My role involved the organisation of drink stock, bar staff and the bars themselves, which were all crucial elements of the event. At the beginning of the planning process I managed to secure high level sponsorship deals with several companies, including Absolut, Molson Coors and Jägermeister, and liaised with them thereafter on behalf of the committee. After drawing up an initial budget and negotiating prices with the companies, my next task was to work out the logistics of the drinks service on the night. As a side project I coordinated the design, delivery and set-up of a 3 metre-long ice bar and two ice sculptures, which tied in with the theme of the event.
On the night itself I managed the bar workers in their duties and executed contingency plans when faced with obstacles, such as running out of a particular product. All in all it was a fantastic evening and an excellent taster of event planning and management.

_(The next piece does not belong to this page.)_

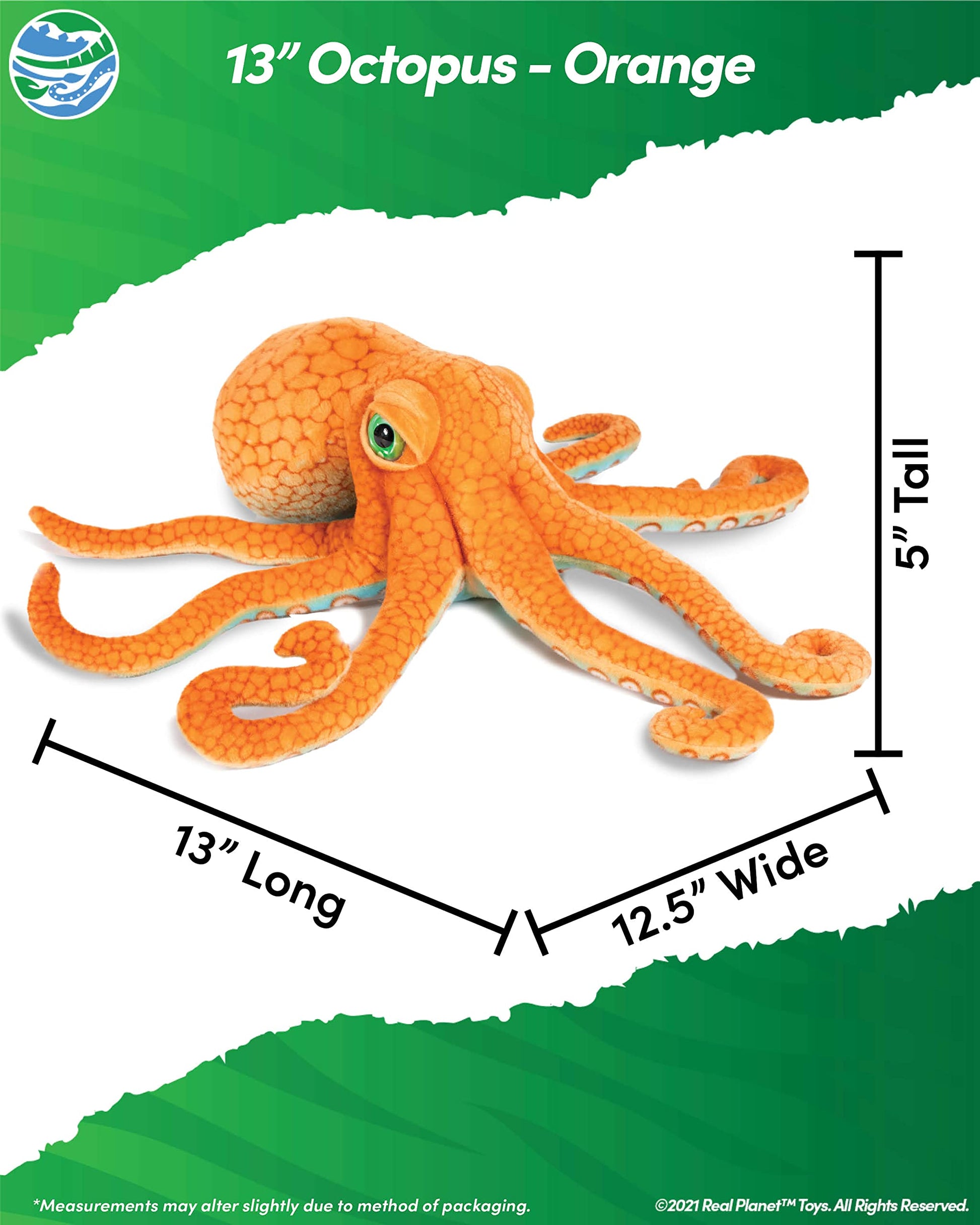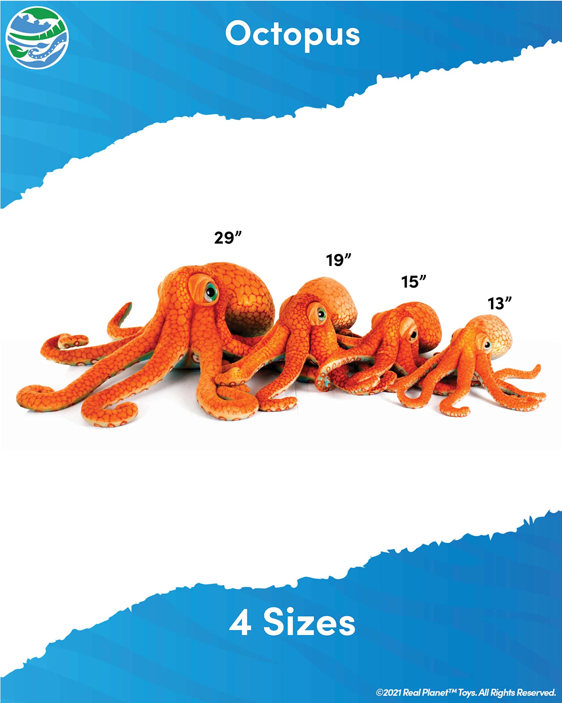 Real Planet Sea Life Plush - Realistic Stuffed Animal Gift For Kids All Ages, Ocean Marine Creature Plushie, Christmas Birthday Gifts (Brown Octopus, 13') (13' Long)

Who would you love to share a desk with?
I think I’d have to go with Mel and Sue from the Great British Bake Off. For me, I’d want to be sharing a desk with people whom I could bounce ideas off and who were good at giving feedback, and I think they’d be ideal for this. As a comedy duo they’re witty and spontaneous, and always know how to keep up morale when the going gets tough. The one drawback is that the office snacks would probably disappear fairly quickly!
Sell yourself. Why should someone hire you once finishing uni?
With the growth of social and digital media across the world, individuals with skills in multiple languages are an increasingly valuable asset for multinational companies, particularly in terms of their public relations. I am fluent in German and proficient in Russian and Dutch, with a proven facility to acquire and master languages in a short space of time.
"As well as having a broad range of creative talents I can use my experience of other cultures to understand an increasingly varied market."
As well as having a broad range of creative talents I can use my experience of other cultures to understand an increasingly varied market. I am motivated, diligent and make a point of staying up-to-date with current trends in social media and online communications.
As part of the radio programme that I produce and present, I am required to keep up-to-date with current affairs, and through my work on the Selwyn Snowball I have a proven track record of identifying and negotiating with key partners to produce practical outcomes in event planning and management. I have also sought and held positions of responsibility on both my college’s student council and the committee of the Cambridge University Improvised Comedy Society.